1_son
π Science and technology
Science at the service of creativity

AI, a high-potential tool for music creation

with Gaël Richard, Professor at Télécom Paris (IP Paris) and Scientific Co-director of the Hi! PARIS interdisciplinary center for artificial intelligence
On September 3rd, 2024 |
5 min reading time
Gaël Richard
Gaël Richard
Professor at Télécom Paris (IP Paris) and Scientific Co-director of the Hi!

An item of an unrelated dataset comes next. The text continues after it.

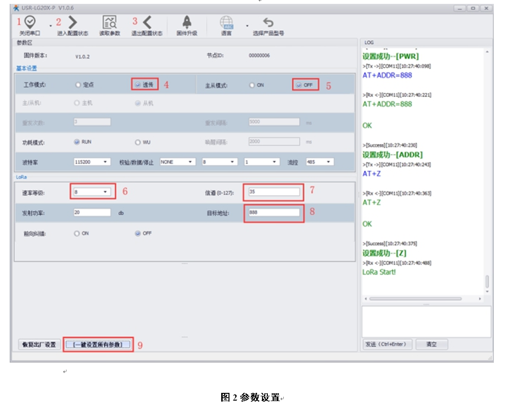 打開LoRa設置軟件(LG207和LG206-P選擇同一個),依次點擊打開串口(選擇A、B對應的串口號,串口參數(shù):115200,None,8,1,NFC)、進入配置狀態(tài)、讀取參數(shù)、配置上表中的參數(shù)、一鍵設置所有參數(shù),關閉LoRa設置軟件。

PARIS interdisciplinary center for artificial intelligence
Key takeaways
  • AI applied to sound makes it possible to analyse, transform and synthesise sound signals.
  • The applications are numerous, ranging from predictive maintenance to virtual reality enhancement and personal assistance.
  • AI algorithms applied to sound require specific methods due to the temporal and voluminous nature of sound data.
  • The challenges associated with sound AI include its ecological impact, copyright issues, ethical concerns, and the need for an appropriate legal framework.
  • The HI-Audio project combines machine learning and human knowledge to create AI models that are more interpretable and controllable.

For more than 20 years, research­ers have been using arti­fi­cial intel­li­gence (AI) on sound sig­nals. These sound sig­nals can be speech, music, or envir­on­ment­al sounds. Recent advances in algorithms are open­ing the door to new fields of research and new applications.

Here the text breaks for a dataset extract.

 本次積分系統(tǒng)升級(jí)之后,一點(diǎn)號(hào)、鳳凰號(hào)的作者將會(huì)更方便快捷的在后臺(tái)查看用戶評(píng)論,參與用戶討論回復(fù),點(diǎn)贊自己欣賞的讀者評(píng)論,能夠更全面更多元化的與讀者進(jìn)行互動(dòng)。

How can artificial intelligence be used to process sound signals?

Firstly, AI can be used for sound ana­lys­is. In oth­er words, based on a record­ing, the machine can recog­nise the sounds (which instru­ment is play­ing, which machine or object is gen­er­at­ing which noise, etc.) and the record­ing con­di­tions (live, stu­dio, out­side, etc.). For example, Shazam is a fairly simple but very well-known music recog­ni­tion AI.

AI can also be used to trans­form sound. For example, this involves sep­ar­at­ing the dif­fer­ent sources of a sound record­ing so that they can be remixed dif­fer­ently (as with karaoke applic­a­tions). It is also pos­sible to con­sider trans­fer­ring the music­al style of a giv­en sound record­ing or chan­ging the acous­tic con­di­tions of the record­ing (for example by remov­ing the rever­ber­a­tion while keep­ing the con­tent intact). Finally, the third major area of sound pro­cessing using gen­er­at­ive AI is syn­thes­is. Giv­en a music­al extract or cer­tain instruc­tions, the machine can gen­er­ate music in the style of the extract. It can also be asked to gen­er­ate music in rela­tion to a text or image.

I’m cur­rently work­ing on a major research pro­ject fun­ded by the European Research Coun­cil (ERC) called HI-Audio, or “Hybrid and Inter­pretable Deep neur­al audio machines” The term “hybrid” implies that instead of learn­ing solely from large quant­it­ies of data, we are incor­por­at­ing a pri­ori inform­a­tion deduced from our know­ledge into our learn­ing mod­els. We already have cer­tain know­ledge about sound: the type of music­al instru­ments present, the level of rever­ber­a­tion in a room, etc. The idea is to use this know­ledge as a basis for rel­at­ively simple mod­els that describe these phe­nom­ena. Then we insert them into neur­al net­works and more com­plex mod­els that allow us to learn and describe what we don’t know. The res­ult is mod­els that com­bine inter­pretab­il­ity and controllability.

What are the specific features of AI algorithms applied to sound?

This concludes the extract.